JR Scott, EdD, MPH and CA Gunderson, MD

Department of Ophthalmology and Visual Sciences;
University of Texas Medical Branch

Abstract: Objectives: The purpose of this study was to identify differences in ophthalmology resident candidates and practicing ophthalmologists’ career perceptions. A secondary aim was to evaluate specific demographic factors (e.g., gender, ethnicity, career interests, etc.) among residency candidates regarding their career perceptions.
Methods: A survey instrument (Critical factors in Career Perceptions) was sent by e-mail to prospective residents (n= 122).
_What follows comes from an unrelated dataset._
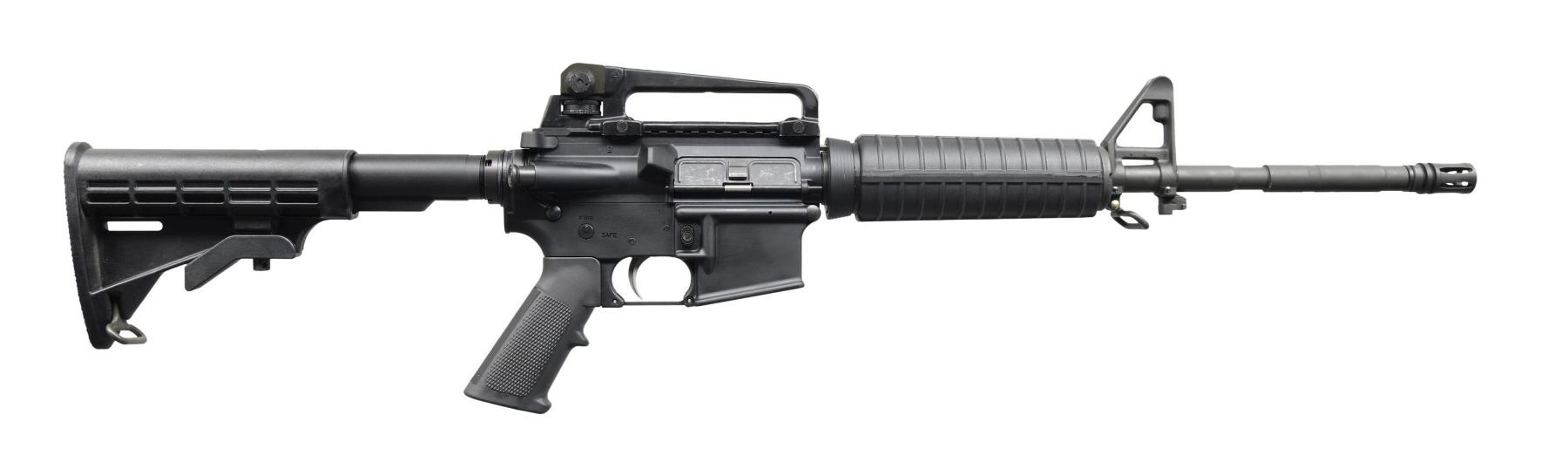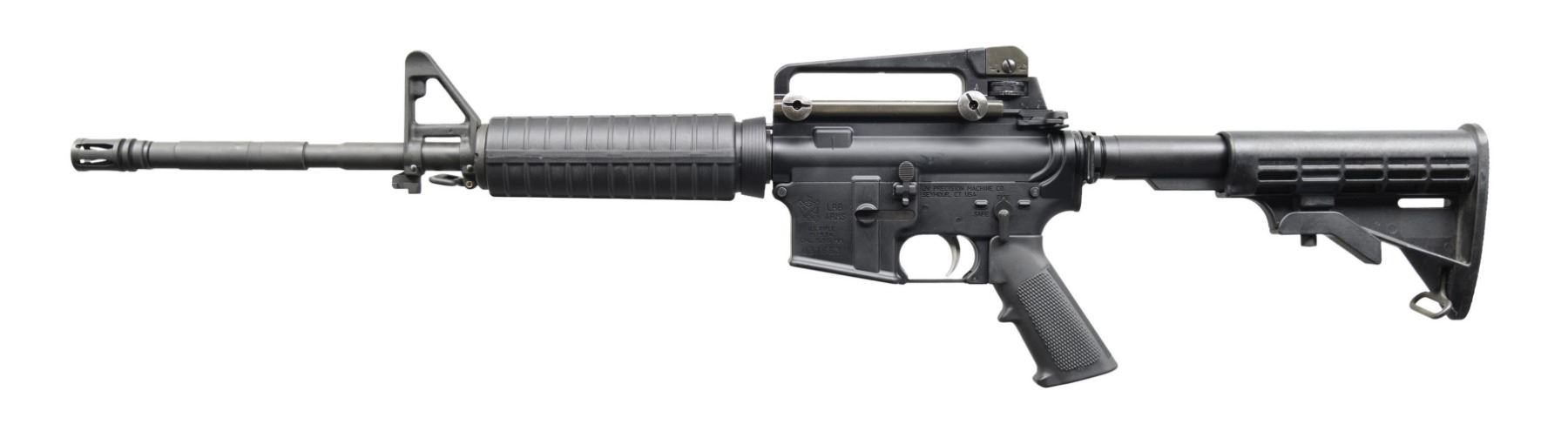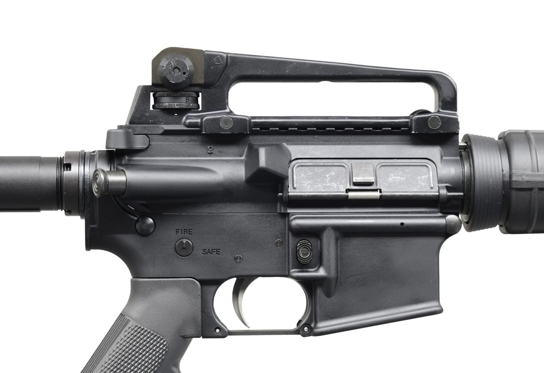 Cal. 5.56 NATO. S# 031663. Bbl. 16". M4 profile 1:9 threaded barrel terminated with an A1-style flash hider. Protected post front sight, gas block, and bayonet lug. Short, round carbine handguards retained with tapered delta ring. Flat top upper receiver with round forward assist and brass deflector. Removable carry handle with windage and elevation-adjustable, dual-aperture rear peep sight. Six-position collapsible shoulder stock. Left side controls. M16 profile bolt carrier. Sling swivels, front and rear. Single-point sling adapter behind castle nut at rear of receiver. CONDITION: All aspects indicate very little use aside from the carry handle, which appears to be from a different firearm. Light thinning on a few high spots. Bright bore with descent rifling. Fire control mechanism appears to function correctly when cycled by hand. (24-5372/JZ). MODERN. $500-900.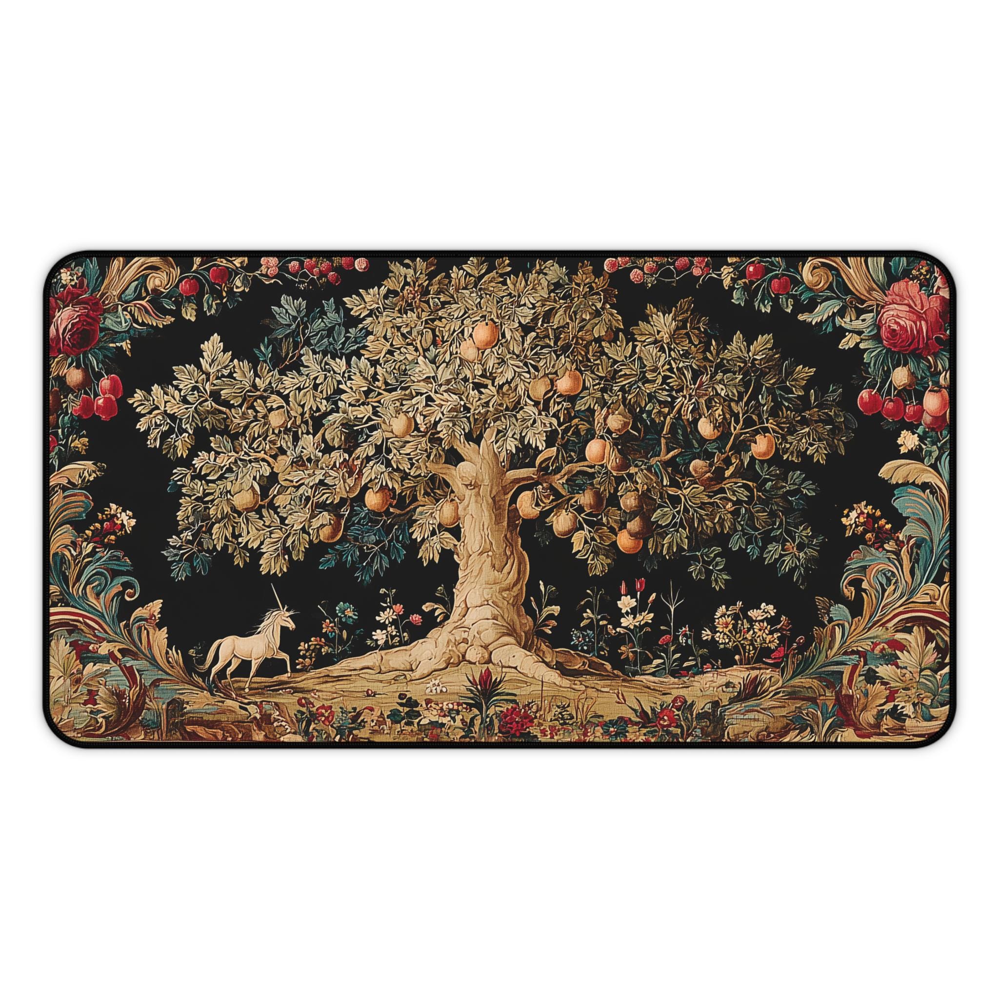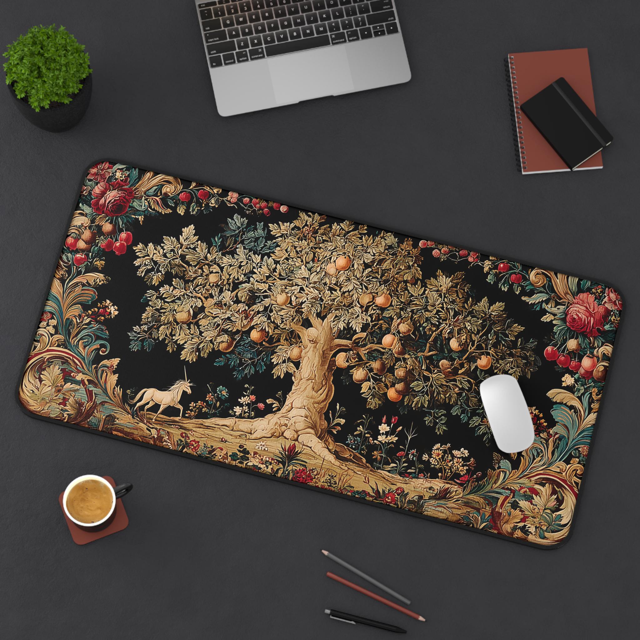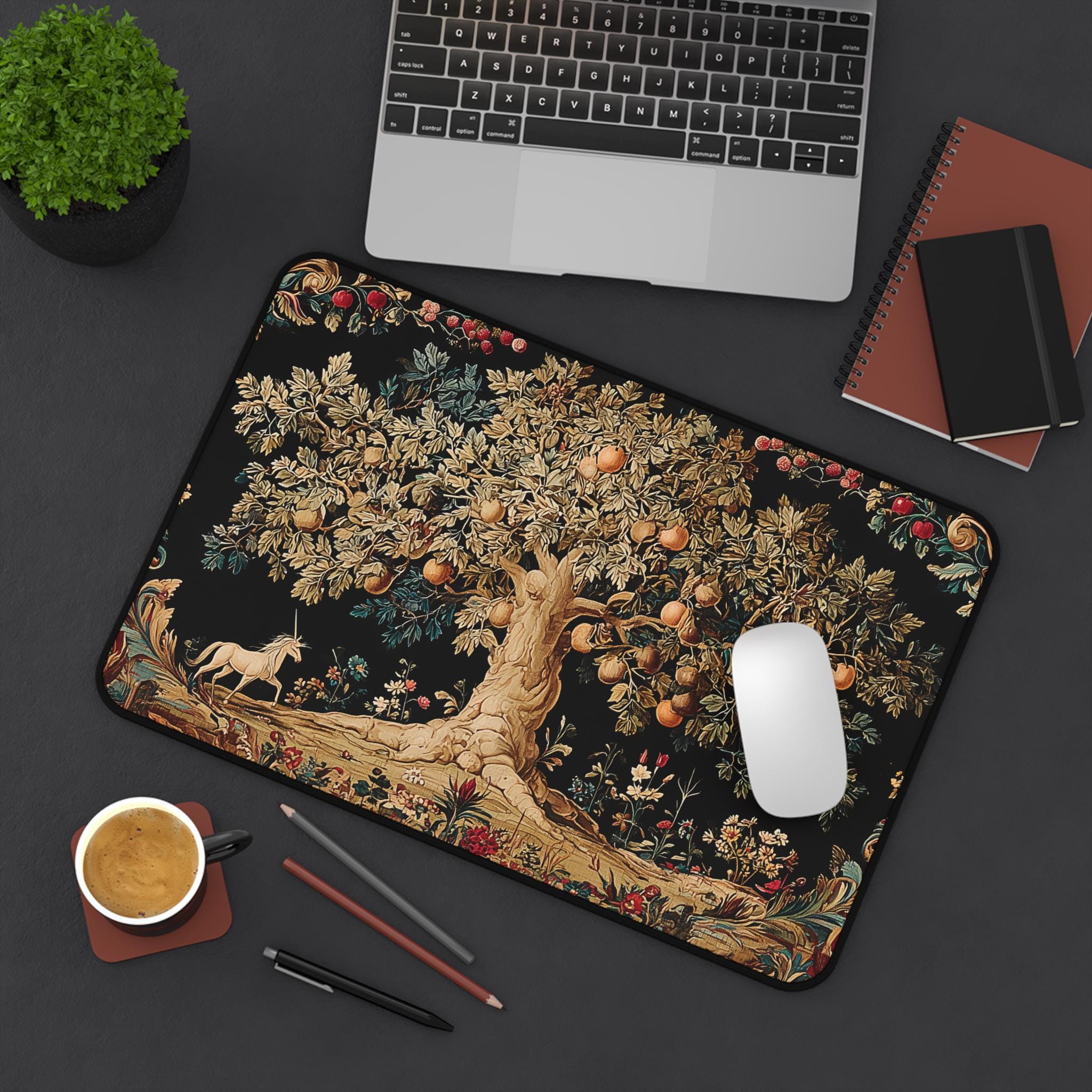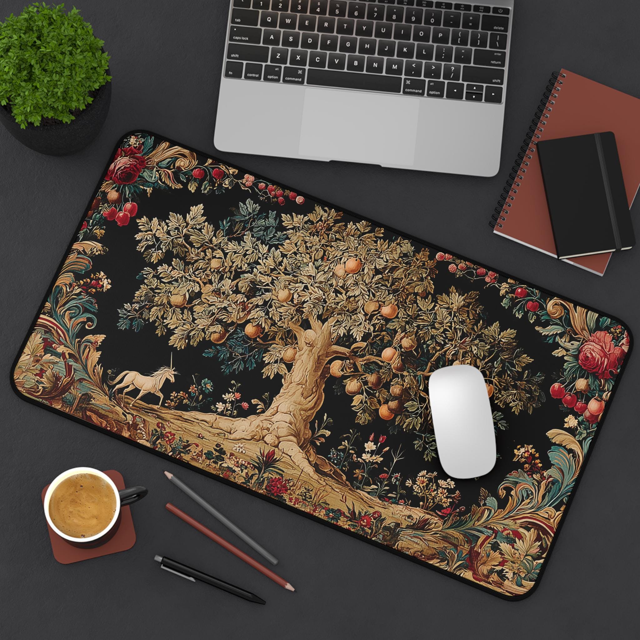 Tree of Life Deskmat • Fantasy Gaming Mouse Pad • Unicorn Art Desk Pad • Cottagecore Office Decor • Mythical Botanical Workspace Mat

Group differences were calculated using a one sample t-test analysis.
Results: Compared to practicing ophthalmologists (n = 56), residency candidates were more likely (p < 0.05) to expect greater professional job satisfaction from a number of career factors (e.g., time with patients, physician teamwork, etc.); family-personal factors (e.g., diversity of job skills, sole professional responsibility, etc.); and financial factors (i.e., income and security) than those in practice. Gender differences between candidates revealed that women were more interested in spending time with patients and in computer technology applications.
Conclusions: These results suggest that medical school and residency program leaders to consider specific factors ophthalmologists encounter in their profession so that residency candidates have a more realistic view of their chosen profession. Several recommendations for resident recruitment and curriculum development are provided.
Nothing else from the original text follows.